Thursday, January 10, 2013

I need to say put this somewhere

I used to be motivated and inspired to write, or to just freely think, by almost anything in this world. I used to think everything and everyone in the world was beautiful and precious, whether it was natural or created. Just the fact that it was able to exist, and the fact that I am able to exist, amazed me. After I started socializing with more people, though, I started to lose that spark. You see, everyone else seems to take everything that exists for granted. I suppose I just was surrounded by so much of it, that it clouded my vision. The worst part of it all is that now I have no pushing force behind me at all. I’m too busy questioning WHY we exist instead of appreciating my existence.

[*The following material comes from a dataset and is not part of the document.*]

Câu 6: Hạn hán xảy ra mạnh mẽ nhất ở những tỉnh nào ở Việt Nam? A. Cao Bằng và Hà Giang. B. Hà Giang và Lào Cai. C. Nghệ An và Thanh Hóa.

I’m well aware of what I’m doing, but I can’t change it. I wish I could just find that momentum to push me in the direction I used to be heading. It feels like I’m so close, like I’m one slight breeze away from turning it around, but the breeze never comes. This is the most I’ve been able to write with any creativity in probably years, which wasn’t like me at all, before. It’s so frustrating to know what’s wrong with you, but what’s wrong with you is why you can’t fix what’s wrong with you. I need to be motivated and inspired in order to continue being motivated and inspired. I wish I stayed that way, but people had to bring me, not down to earth, but into a hole deep inside the earth, where I’m suffocating myself and making it worse with my own struggling. I wish I could just live, instead of worrying about how to live. I feel empty. I almost wrote that I need a purpose, but then I realized: I need to not worry about my purpose. I need to be free again...but where is the key to my chains? They seemed to just get tighter and tighter as time went on, but now I feel as if I’m getting some slack, and for what? Do other people have this struggle? I wish I were simpler. Complexity burns. Is something wrong with me, or is it everyone else in the world?